MATERIAL PROVIDED.
■ ■ ■ ■ ■ ■ ■
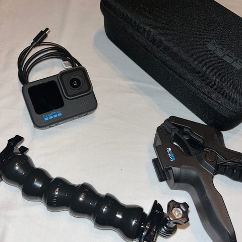 GoPro Hero10 Black actionkamera med frontskjerm og hovedlinse i sort utførelse. Kameraet er egnet for opptak av video og stillbilder i ulike aktiviteter og miljøer. Bildene viser et sett som inkluderer actionkamera, etui, festeutstyr, hodefeste, håndgrep/stang og en dobbel lader med 3 batterier. Utstyret kan brukes til montering på kropp eller utstyr for å dokumentere sport, reiser osv.
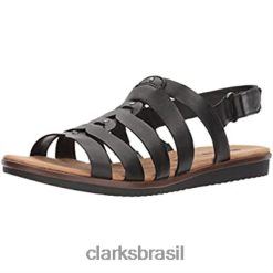Clarks mulheres sandália clarks feminina de couro preto com salto alto RJZRN1107 couro preto
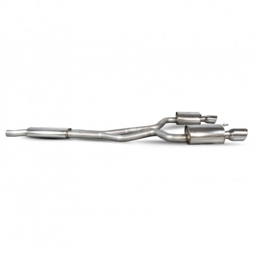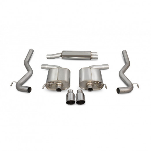 Catback výfuk Scorpion Exhaust vyrobený z nerezové oceli T304. Celý výfuk je tvořen ohýbaným vedením o průměru 70mm s průchozím absorbčním tlumičem / tlumiči (podle verze). Díky zlepšení proudění spalin a eliminaci zpětných tlaků dokáží výfuky Scorpion sprostředkovat jak maximální výkon, tak hlavně i pěkný jadrný zvuk.
■ ■ ■ ■ ■ ■ ■
REQUIRED WORK.
Repeat the material above in full and exactly, apart from the pictures.

TASK RESULT.
 GoPro Hero10 Black actionkamera med frontskjerm og hovedlinse i sort utførelse. Kameraet er egnet for opptak av video og stillbilder i ulike aktiviteter og miljøer. Bildene viser et sett som inkluderer actionkamera, etui, festeutstyr, hodefeste, håndgrep/stang og en dobbel lader med 3 batterier. Utstyret kan brukes til montering på kropp eller utstyr for å dokumentere sport, reiser osv.
Clarks mulheres sandália clarks feminina de couro preto com salto alto RJZRN1107 couro preto
 Catback výfuk Scorpion Exhaust vyrobený z nerezové oceli T304. Celý výfuk je tvořen ohýbaným vedením o průměru 70mm s průchozím absorbčním tlumičem / tlumiči (podle verze). Díky zlepšení proudění spalin a eliminaci zpětných tlaků dokáží výfuky Scorpion sprostředkovat jak maximální výkon, tak hlavně i pěkný jadrný zvuk.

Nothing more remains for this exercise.